Outnumbered will return this month for what has been confirmed as its fifth and final series. The award-winning sitcom will have a six-episode run starting on Wednesday 29 January at 9pm. Creators Andy Hamilton and Guy Jenkin have decided to end the sitcom after this series although both they and the cast have expressed the desire to reunite for occasional one-off specials in the future. Outnumbered series five stars Hugh Dennis, Claire Skinner, Tyger Drew-Honey, Daniel Roche and Ramona Marquez, along with Samantha Bond, Rebecca Front and Harry Shearer. The final series of the show will see Dennis's character 'besieged by unreliable technologies' whilst his wife has a new office job, Jake wears a new tattoo and learns to drive, Ben is cast in his school's musical version of Spartacus and Karen starts secondary school.

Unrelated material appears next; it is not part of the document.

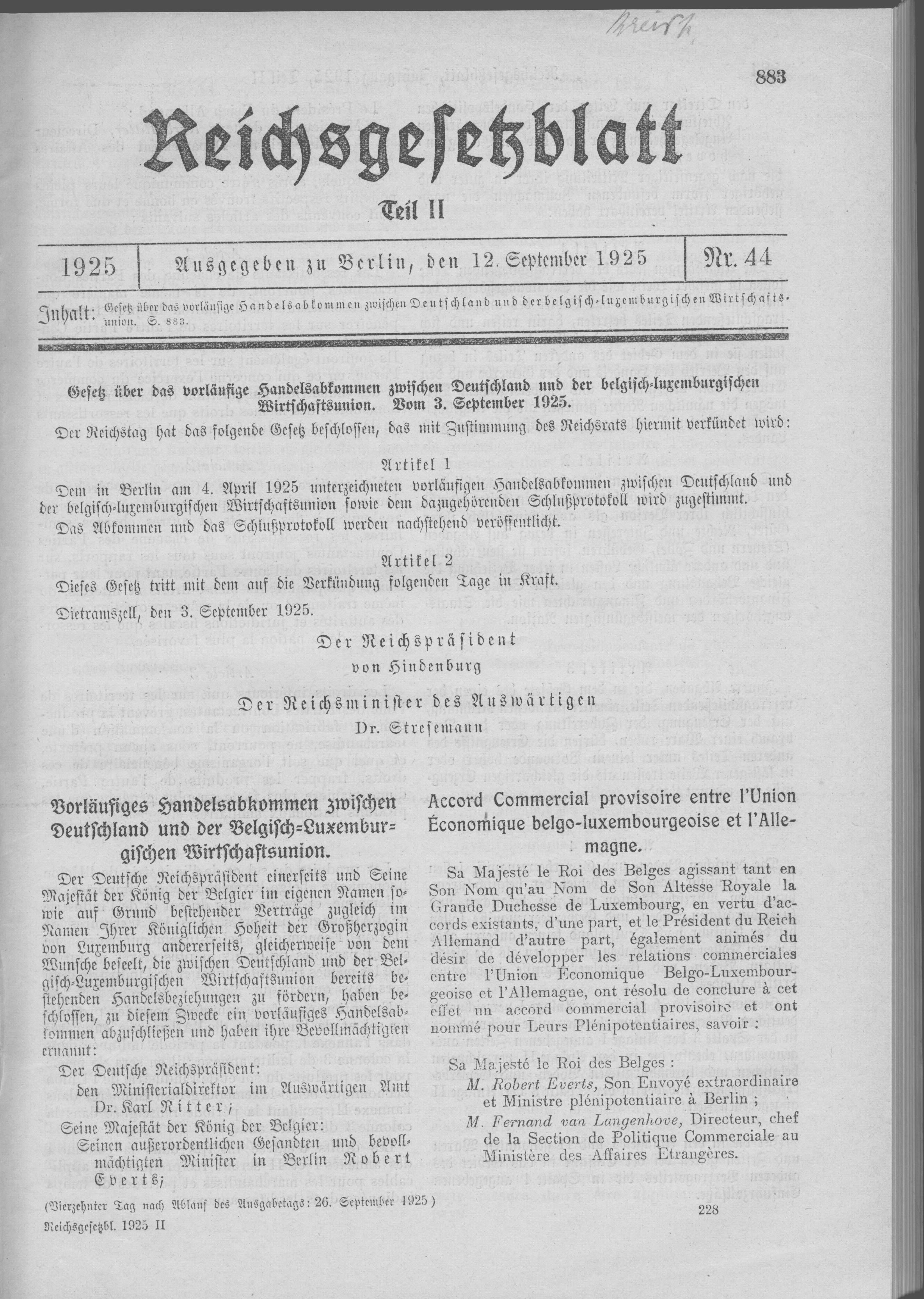 Scan from the Imperial Law Gazette of Germany, 1925, part 2

Drew-Honey told the Digital Spy website in 2012 of the fifth run: 'This series is the last series. Never say never, but the directors and writers have said that they don't want to do another. Some [shows] do go on too long and some of them are just making [more] series for the sake of it.'
Michael McIntyre is to host a new BBC1 chat show in the spring, it has been announced. The BBC has commissioned six episodes, each of which will see McIntyre interviewing three , alleged, 'celebrity' guests. McIntyre said: 'From my very first conversation I remember thinking, "This should be televised!" Well now the British Broadcasting Corporation has made my dream a reality.' BBC1 controller Charlotte Moore said that she was 'thrilled.' McIntyre added that he was 'overwhelmingly excited about meeting and having fun with my favourite celebrated people.' McIntyre has previously hosted his own BBC1 programme, Michael McIntyre's Comedy Roadshow and was a judge on Britain's Got Toilets in 2011. His tour in 2012, during which he played to over seven hundred thousand people in seventy one venues, including ten nights at London's O2 arena, reportedly earned the comic twenty one million smackers.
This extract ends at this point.